Por outro lado, Björkman e seus colegas estão se concentrando em um alvo mais específico: o domínio de ligação ao receptor (RBD) da proteína de espícula. É a região da proteína de espícula à qual a maioria dos anticorpos se liga para impedir que o Sars-CoV-2 entre na célula hospedeira. É também a região dentro da qual ocorrem mutações, dando origem a variantes. Para a vacina, eles utilizaram proteínas RBD de até oito vírus, incluindo o Sars-CoV-2 original e outros coronavírus semelhantes ao Sars isolados de morcegos, que foram fundidos em uma nanopartícula com 60 faces. Ao injetar essa vacina em camundongos, Björkman e seus colegas constataram que os animais produziram diversos anticorpos que, em experimentos de acompanhamento, bloquearam infecções causadas por diversos vírus do tipo Sars, incluindo cepas de coronavírus não utilizadas para criar as vacinas.

Para Björkman, isso sugere que o sistema imunológico do animal pode estar aprendendo a reconhecer características comuns entre os coronavírus e que sua vacina de mosaico, com peças selecionadas de diversos vírus, pode ser útil quando novos vírus semelhantes ao Sars ou novas variantes do Sars-CoV-2 surgir. Atualmente, sua equipe está se preparando para testar a vacina em humanos.

O pesquisador de vacinas Kevin Saunders, do Instituto de Vacinas para Humanos da Universidade de Duke, também está se concentrando no RBD, mas em uma parte muito específica dele, para criar uma vacina contra o vírus do tipo pan-Sars. Quando a pandemia começou no início de 2020, Saunders e seus colegas começaram a procurar anticorpos que inativassem vírus do tipo Sars. Eles examinaram anticorpos presentes em células armazenadas congeladas de um indivíduo que se recuperou da infecção por Sars-CoV e outro indivíduo previamente infectado com covid-19.

Eles identificaram um anticorpo potente chamado DH1047 que ocorreu em células de dois pacientes que poderiam bloquear infecções em camundongos que receberam injeções com diversos coronavírus de morcego e humano, incluindo as variantes de Sars-CoV-2. Um olhar mais atento revelou o anticorpo ligado à mesma pequena seção do RBD da proteína de espícula em diferentes coronavírus, que se tornaram o alvo da vacina.

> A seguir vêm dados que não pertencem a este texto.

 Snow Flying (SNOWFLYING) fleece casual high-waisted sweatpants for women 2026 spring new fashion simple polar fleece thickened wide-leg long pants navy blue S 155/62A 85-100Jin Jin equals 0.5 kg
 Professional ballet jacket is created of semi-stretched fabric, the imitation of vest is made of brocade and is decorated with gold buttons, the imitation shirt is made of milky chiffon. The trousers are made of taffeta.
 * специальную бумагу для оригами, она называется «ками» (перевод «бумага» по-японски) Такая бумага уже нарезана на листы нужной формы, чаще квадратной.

Ao injetar em macacos diversas cópias dessa peça de RBD do Sars-CoV-2 fundida a uma nanopartícula, Saunders e seus colegas demonstraram a capacidade da vacina de proteger não apenas contra o Sars-CoV-2, mas diversas outras infecções por coronavírus. A equipe agora está testando diferentes iterações dessa vacina de nanopartículas, introduzindo seções de RDB de outros coronavírus para ampliar a resposta imunológica do hospedeiro.

“Às vezes você cria centenas de versões dessas vacinas e as testa em animais antes de decidir a respeito de uma versão para estudar em humanos”, afirma Julie Ledgerwood, vice-diretora e diretora médica do Centro de Pesquisa de Vacinas dos Institutos Nacionais de Saúde. Não é simples, ela explica.

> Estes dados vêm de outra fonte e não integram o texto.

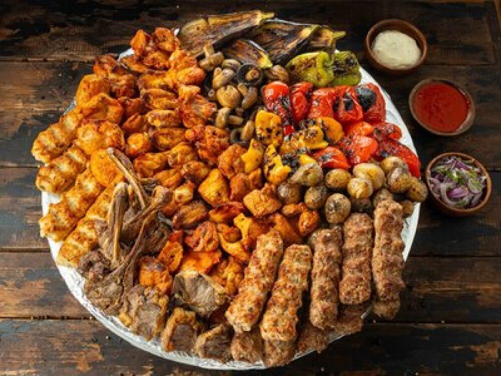 Свиная шейка (2 шт., 600 г), свиные ребра (2 шт., 600 г), филе куриного бедра (2 шт., 560 г), люля-кебаб из курицы (2 шт., 560 г), люля-кебаб из телятины (2 шт., 560 г), люля-кебаб из баранины (2 шт., 560 г), свиная мякоть (1 шт., 300 г), телятина с чабрецом (2 шт., 560 г), голень куриная (2 шт., 560 г), овощи на гриле: баклажан, помидор, перец (800 г), шампиньоны (600 г), лук и зелень (250 г), соус чесночный (300 г), соус шашлычный (300 г)
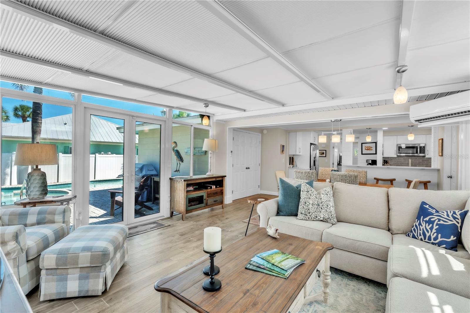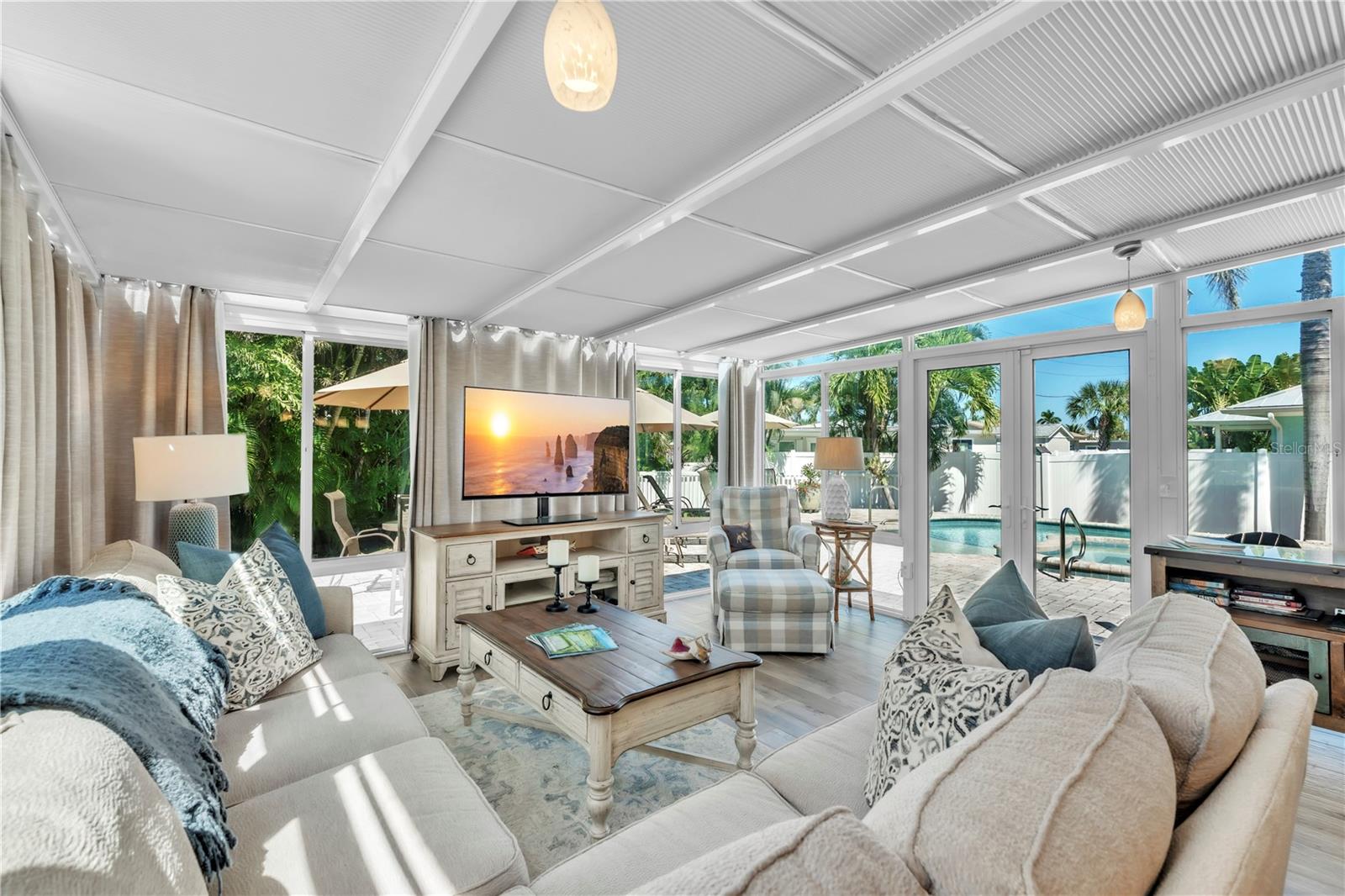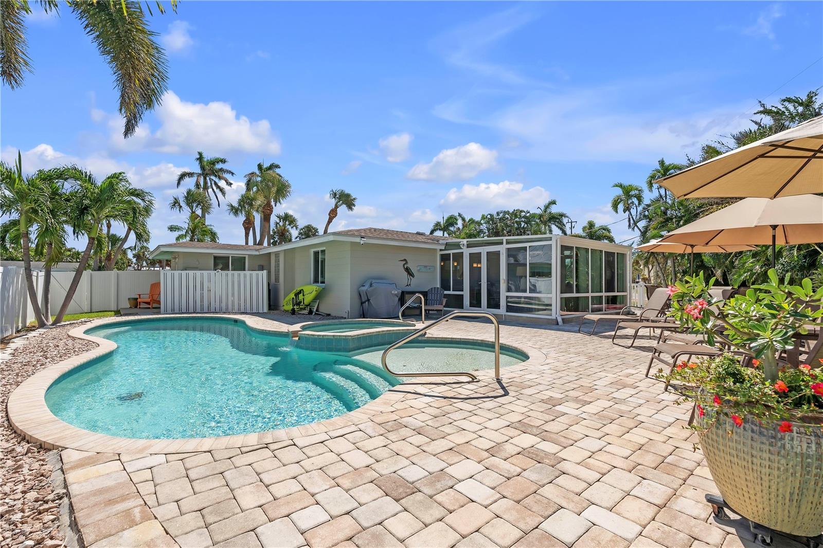 This beautifully updated 3BD/2BA coastal home located on a large 10,709 lot captures the essence of laid back island living with a bright, open interior and a backyard designed for total relaxation. Inside, warm wood-style flooring runs throughout, setting a comfortable tone that pairs perfectly with the home’s coastal palette. The kitchen is crisp and inviting, featuring sleek quartz countertops, stainless steel appliances, and a sea glass toned backsplash that adds a subtle pop of color. Just off the kitchen, the dining area flows into a spacious living room with sunroom style windows that fill the space with natural light and frame views of the lush, tropical landscaping. All bedrooms are generously sized, offering plenty of natural light and a sense of comfort. Sewer line has been scoped, updated electric, new Hvac and all new PEX plumbing. Step outside to discover your own private paradise. The heated pool and spa are surrounded by a spacious paver patio and swaying palms, offering the ideal backdrop for entertaining, unwinding, or soaking up the Florida sun. A detached shed with finished interiors adds flexibility to suit your lifestyle. There also is a boat slip with water, electric and a 10,000 lb lift available for separate purchase right up the street. Located just a short stroll or bike ride to the sugar white sands of the Gulf and the vibrant shops, restaurants, and beachy charm of Anna Maria Island, this home offers the perfect blend of comfort, convenience, and coastal character.

Enquanto isso, cientistas também estão tentando descobrir como essas vacinas podem abranger não apenas os vírus do tipo Sars, mas também o Mers e outros coronavírus relacionados mais distantes. “A diversidade de sequências e as diferenças estruturais entre os coronavírus que se enquadram em diferentes grupos representam um desafio”, esclarece Saunders. Alguns cientistas propõem uma vacina diferente para diferentes famílias de coronavírus.

Contudo, por enquanto, a necessidade de pelo menos uma vacina contra o coronavírus pan-Sars não pode ser ignorada. “Não estamos mais pensando nisso como “será ótimo ter isso para a próxima pandemia”, declara Saunders. “Estamos pensando nisso como uma ótima ferramenta para acabar com essa pandemia”.